■ Work task: The records follow. Copy them exactly, but omit the pictures.

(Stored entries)
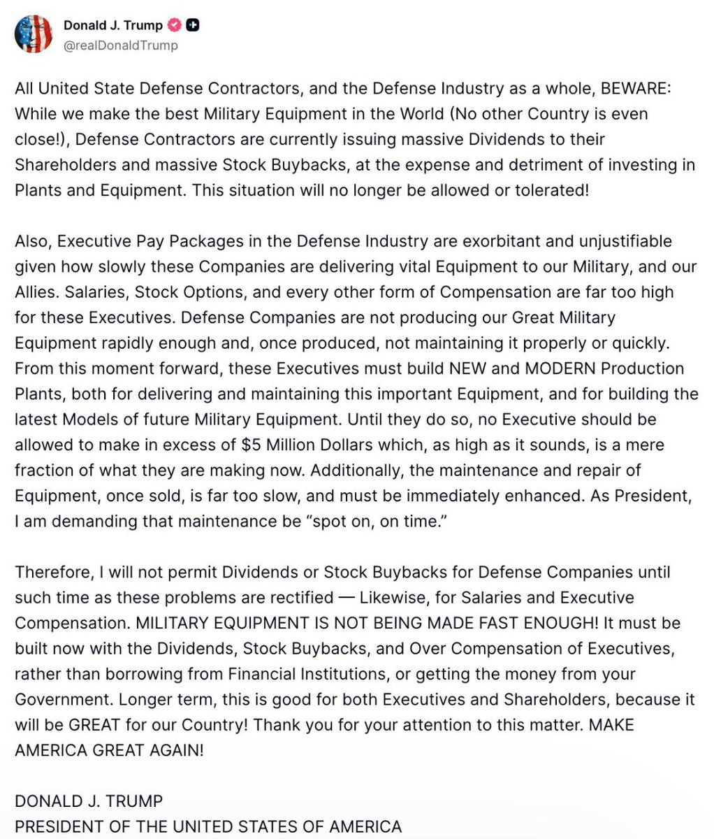 Trump takes aim at DEFENSE INDUSTRY
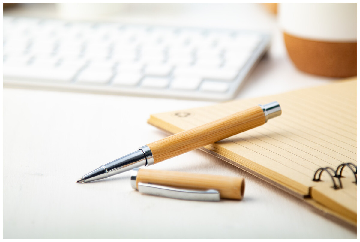 Bambusový roller s modrou náplní.
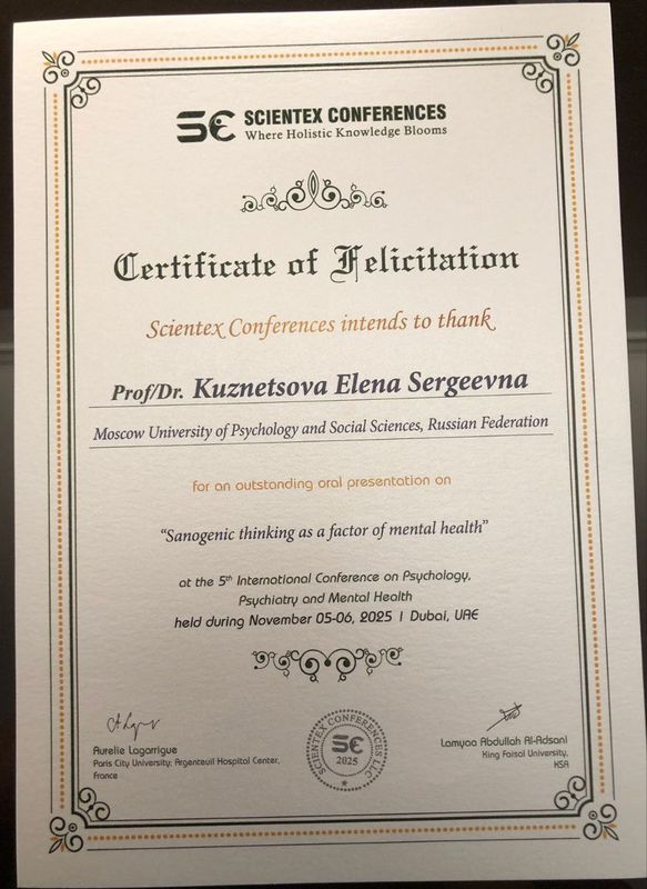 Педагог-психолог Центра - Кузнецова Елена приняла активное участие в конференции, выступила с докладом, опубликовала статью и поделилась своим опытом с коллегами.
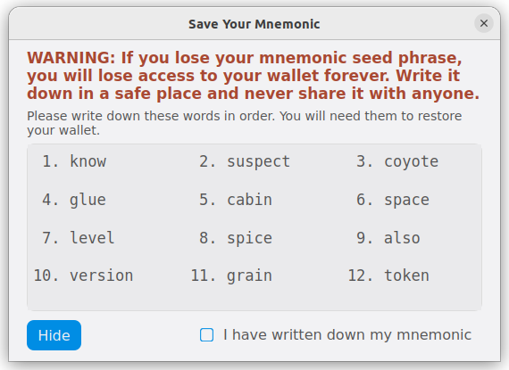 CRITICAL: If you lose your mnemonic seed phrase, you will permanently lose access to your wallet and all funds. Write it down on paper (not digitally) and store it in a safe, secure location. Never share your mnemonic with anyone.
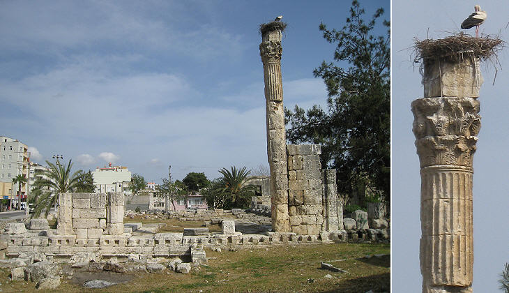 Ancient Seleucia had several temples, but only one of them is left and only one column is not broken. The temple was dedicated to Zeus, but today it is commonly referred to as the Temple of the Storks. You may wish to see other ancient columns in Turkey which were chosen by storks, e.g. at Ankara and Milas.
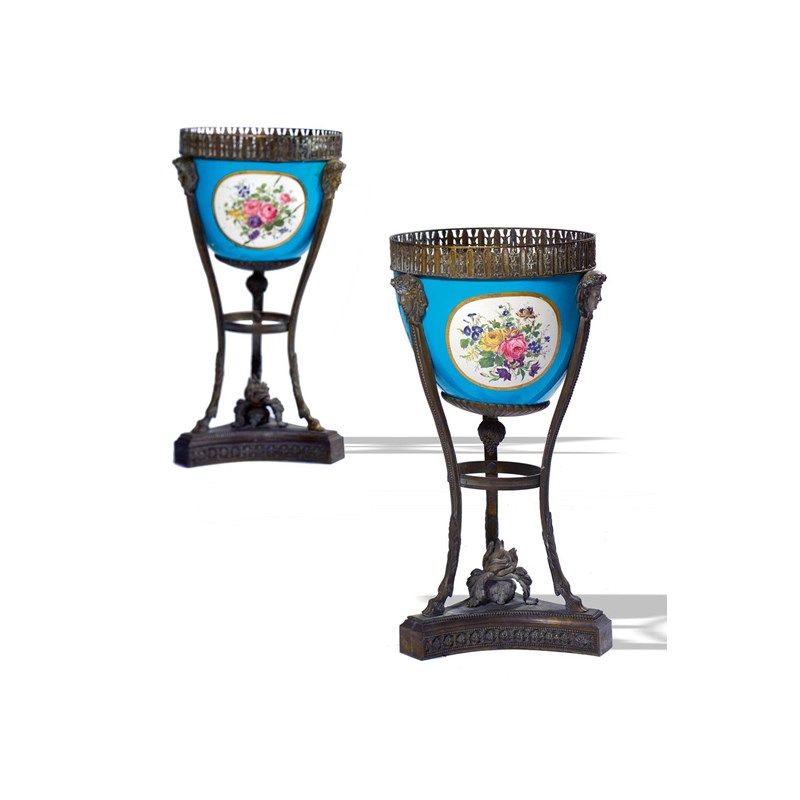 A pair of 19th century French bronze and Sèvres style porcelain jardinières in Louis XVI style
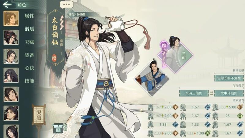 李白作为一名防御型侠客,拥有三个防御心决位,但其天赋却是晕抗穿透,定位略显尴尬。过去常被用作控制角色,依靠莲花棍或自带武学施加控制效果,然而作为坦克时天赋难以发挥作用,表现不尽如人意。作为功能性侠客,心决位配置受限,虽具备九剑带来的身法压制优势,但自身基础身法偏低,限制了发挥。其自带武学仅在特定场合较为实用,例如对抗藏渊长荒时可有效拦截敌方推进。此外,李白可作为太极拳的承载角色,配合控制流派时能发挥不错的控场能力。抽卡方面不推荐专门抽取,00解锁即可满足需求,33满配属于上限投入,性价比不高。
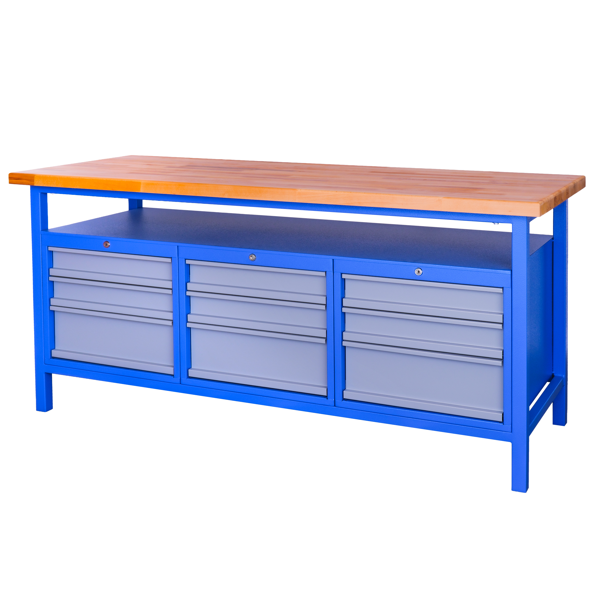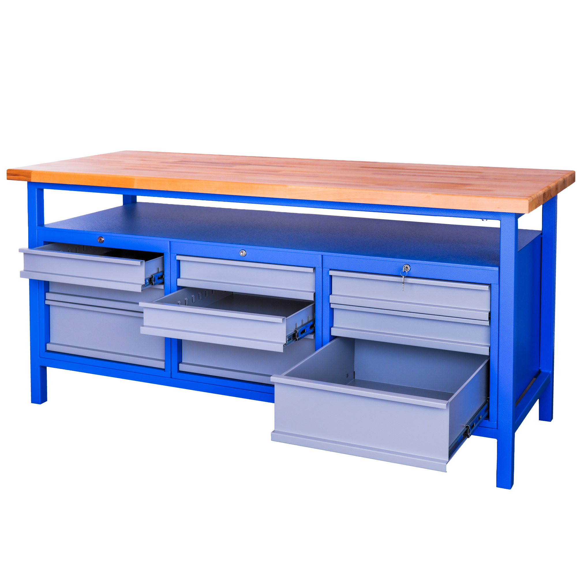 Robustný dielenský pracovný stôl je navrhnutý pre každodenné profesionálne využitie v dielňach, školách aj technických prevádzkach, kde je dôležitá pevnosť, spoľahlivosť a dostatok úložného priestoru.
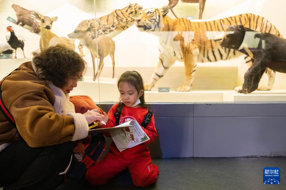 3月21日,在中国(哈尔滨)森林博物馆内,家长指导小朋友认识动物。
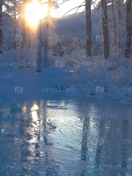 Зимний хвойный лес отражается в реке
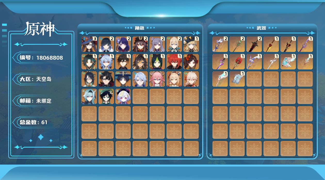0命千织,0命闲云,1命娜维娅,0命莱欧斯利,1命迪希雅,0命流浪者,1命提纳里,2命夜兰,0命神里绫人,0命八重神子,0命优菈,2命雷电将军,0命枫原万叶,1命钟离,2命胡桃,1命甘雨,1命魈,0命宵宫,0命温迪,2命刻晴,0命七七,2命琴,3命莫娜,1命迪卢克,精1有乐御簾切,精2若水,精1赤角石溃杵,精1薙草之稻光,精1雾切之回光,精1护摩之杖,精1四风原典,精2和璞鸢,精1天空之脊,精1天空之翼,精1阿莫斯之弓,精1天空之卷,精1风鹰剑,精2狼的末路

■ Written answer:
 Trump takes aim at DEFENSE INDUSTRY
 Bambusový roller s modrou náplní.
 Педагог-психолог Центра - Кузнецова Елена приняла активное участие в конференции, выступила с докладом, опубликовала статью и поделилась своим опытом с коллегами.
 CRITICAL: If you lose your mnemonic seed phrase, you will permanently lose access to your wallet and all funds. Write it down on paper (not digitally) and store it in a safe, secure location. Never share your mnemonic with anyone.
 Ancient Seleucia had several temples, but only one of them is left and only one column is not broken. The temple was dedicated to Zeus, but today it is commonly referred to as the Temple of the Storks. You may wish to see other ancient columns in Turkey which were chosen by storks, e.g. at Ankara and Milas.
 A pair of 19th century French bronze and Sèvres style porcelain jardinières in Louis XVI style
 李白作为一名防御型侠客,拥有三个防御心决位,但其天赋却是晕抗穿透,定位略显尴尬。过去常被用作控制角色,依靠莲花棍或自带武学施加控制效果,然而作为坦克时天赋难以发挥作用,表现不尽如人意。作为功能性侠客,心决位配置受限,虽具备九剑带来的身法压制优势,但自身基础身法偏低,限制了发挥。其自带武学仅在特定场合较为实用,例如对抗藏渊长荒时可有效拦截敌方推进。此外,李白可作为太极拳的承载角色,配合控制流派时能发挥不错的控场能力。抽卡方面不推荐专门抽取,00解锁即可满足需求,33满配属于上限投入,性价比不高。
 Robustný dielenský pracovný stôl je navrhnutý pre každodenné profesionálne využitie v dielňach, školách aj technických prevádzkach, kde je dôležitá pevnosť, spoľahlivosť a dostatok úložného priestoru.
 3月21日,在中国(哈尔滨)森林博物馆内,家长指导小朋友认识动物。
 Зимний хвойный лес отражается в реке
0命千织,0命闲云,1命娜维娅,0命莱欧斯利,1命迪希雅,0命流浪者,1命提纳里,2命夜兰,0命神里绫人,0命八重神子,0命优菈,2命雷电将军,0命枫原万叶,1命钟离,2命胡桃,1命甘雨,1命魈,0命宵宫,0命温迪,2命刻晴,0命七七,2命琴,3命莫娜,1命迪卢克,精1有乐御簾切,精2若水,精1赤角石溃杵,精1薙草之稻光,精1雾切之回光,精1护摩之杖,精1四风原典,精2和璞鸢,精1天空之脊,精1天空之翼,精1阿莫斯之弓,精1天空之卷,精1风鹰剑,精2狼的末路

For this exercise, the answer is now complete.